High chance of cooling La Nina weather pattern brings little respite for surging global and ocean heat
A La Nina cooling weather phenomenon is likely to kick in at the end of the year, say weather experts, but will do little to dent soaring global and ocean temperatures.
La Nina and El Nino are natural changes to temperatures in parts of the Pacific Ocean, and are the biggest fluctuations in the Earth's climate system, with far-reaching impacts on people and extreme weather.
The United Nations's World Meteorological Organization (WMO) said on Wednesday there is now a 60% chance the current neutral conditions will give way to La Nina between October and February next year.
It follows a prolonged streak of its opposite, the warming El Nino weather pattern, that fuelled 12 months of record-breaking heat before it waned in early summer.
But both are now layered over increased global heat due to climate change.
That means the cooler La Nina will not dent long term rising global temperatures, nor soaring ocean heat that has been alarming scientists.
WMO secretary general Celeste Saulo said: "Since June 2023, we have seen an extended streak of exceptional global land and sea surface temperature.
"Even if a short-term cooling La Nina event does emerge, it will not change the long-term trajectory of rising global temperatures due to heat-trapping greenhouse gases in the atmosphere."
Professor Richard Allan, from Reading University, said: "La Nina will temporarily put the brakes on the surge in global ocean surface warming, yet rising greenhouse gases and cleaner air will continue to cause more heat to flood into the deeper ocean."
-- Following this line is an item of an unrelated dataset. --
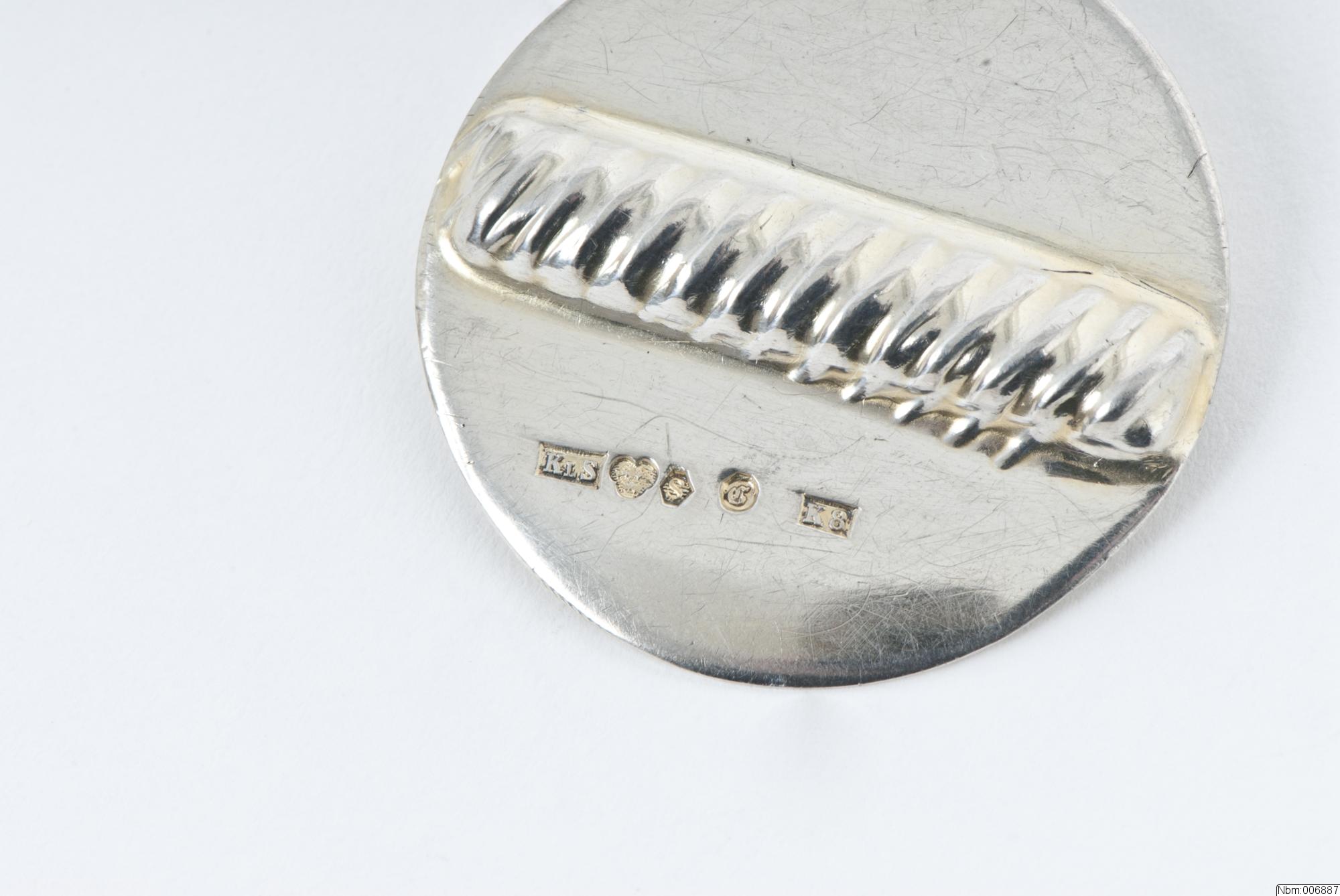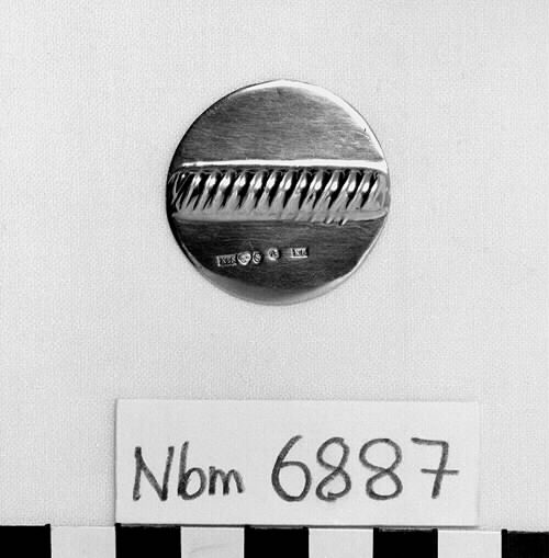 Rund platt form. Larvornament som dekor. Stämplar: KLS-tre kronor-S-Gällivare stadsstämpel-K8.

La Nina is characterised by unusually cold ocean surface temperatures in the equatorial Pacific region, and brings cooler conditions on average.
Its impacts depend on when and for how long it strikes, but can include drought in the southern US, drought and flooding in different parts of South America, wet conditions in South Asia, and flooding in Canada.
It tends to suppress hurricanes in the central and eastern Pacific basins, but can cause a surge of hurricanes in the Atlantic basin.
Both La Nina and El Nino tend to last between nine and 12 months, but can be much longer, and they don't necessarily alternate.
But 2024 could still be hottest year ever
But even with a possible cooling effect from La Nina, 2024 is still likely to be at least as hot as the record-breaking 2023, if not the hottest ever, scientists expect.
The European Union's climate service Copernicus has said it is "pretty certain" that this year will end up hottest on record.
"In order for 2024 not to become the warmest on record, we need to see very significant landscape cooling for the remaining few months, which doesn't look likely at this stage," its director Carlo Buontempo said on Friday.
Professor Allan told Sky News it is "almost certain that 2024 will be about as hot on average globally as 2023, even if La Nina kicks in".
But that will be hard to prove because of the margin of error in data readings, he added.
How will La Nina affect UK weather?
Professor Allan said the UK is less likely to feel the impacts of La Nina on its weather than via economic shocks on the price of food and other resources.
He told Sky News: "UK weather will be minimally affected by La Nina, but we will mostly feel the economic effects of remote floods, droughts and heatwaves as wind patterns are shifted out of kilter, while the severity of these extremes are intensified by ongoing human caused climate change."
Dr Christopher England, Sky News meteorologist, said: "We probably can't expect much of an effect over the UK until next summer, but it's likely to be cooler and wetter than average then."
The greater risk of Atlantic tropical storms or hurricanes "may make for a windier later summer and autumn in particular next year", he said, adding: "In fact, the summer we've just had is the sort of thing that's more likely in an El Nina year."